Now add in pork or chicken stock to deglaze the pan. You need a cup or 2 at most of stock, just enough to cover the bottom of the pan to deglaze it. Lightly scrape the bottom of the pan with your spatula as you continue to keep the pork heart and mushrooms stirred.

If your butter is salted and/or your stock has salt, you probably do not need to add extra salt. Season to taste with salt and a little ground black pepper.

Add the leeks and fresh rosemary, stir again, turn down the heat to low and cover. Let sit on low heat until the leeks are tender. This is another reason why you don’t need to overcook the mushrooms before you add in the stock, since everything will continue to cook. By the time the leeks are tender, the stock will have been absorbed or cooked off. Chop a stick of butter into chunks and add it, stirring until the butter is melted.

Pop in the Pappardelle

To the final dish add fresh-cooked pappardelle pasta and mix well. The large, flat, egg noodles of pappardelle work best, but you could use farfalle or some other pasta with a large surface area. Don’t use something with a small surface area like spaghetti, or the sauce will just fall off.

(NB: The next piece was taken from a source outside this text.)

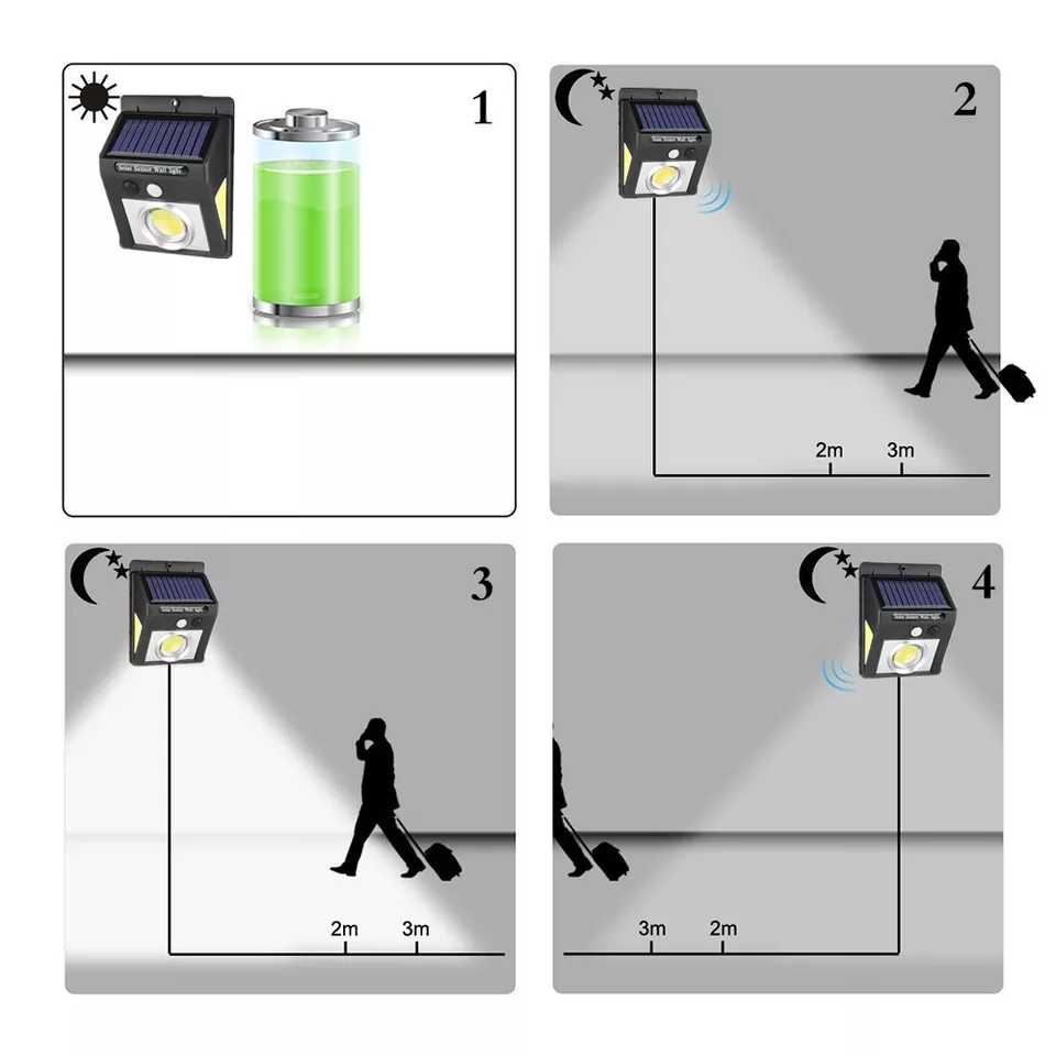 Време за осветяване след задействане на сензора за движение: 25 секунди. След поемане на светлина през соларния панел в продължение на 8 часа, лампата е готова да Ви предостави до 12 часа време за работа.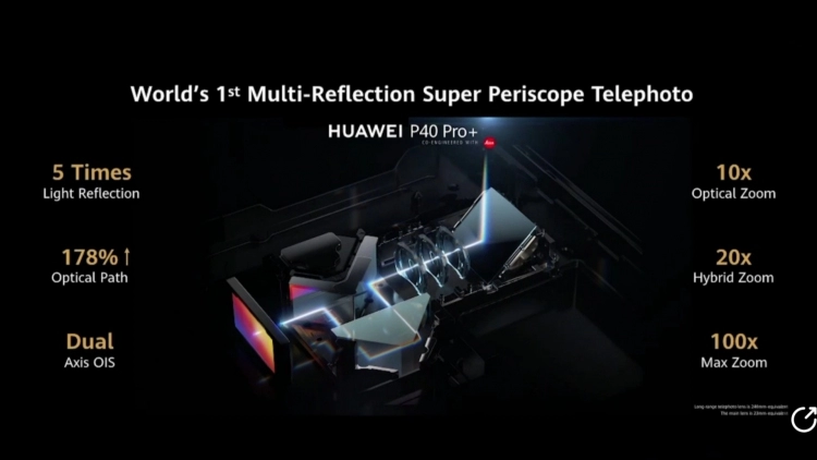 P40 Pro可实现5倍光学变焦、10倍混合变焦、50倍数字变焦;同时还在长焦端采用RYYB滤色阵列,增加进光量并提升画质。P40 Pro+配备100倍双目长焦,独创10倍多反射潜望式长焦结构,通过5次反射延长光路,光程比上一代提升178%;并为超感知主摄和双目长焦加入OIS光学防抖,实现三重OIS+AIS智慧防抖。

This is a lightly sauced dish; you should add enough pasta to feed 8 people, more or less. You don’t want the pasta drowned in sauce, rather, each piece of pasta should just have flecks here and there of the ground pork heart, with a slice of mushroom in every few bites. A neat trick is to use a pasta server or slotted spoon to scoop pasta directly from the pasta water into the sauce pot. Don’t worry about draining off the water that is on the pieces of pasta. The small amount of starchy pasta water will help the sauce stick to the noodles.

Ask yourself why you wouldn’t add another stick or so of butter. Remember, the heart has zero fat on it. Mix again.

Serve with fresh-grated parmesan.

This is not a dish that is interesting to try. It is not a fun and inventive way to use up pig heart. Your kids are going to love this, and when it is gone you will start wondering where you can find another pig heart so you can make this again.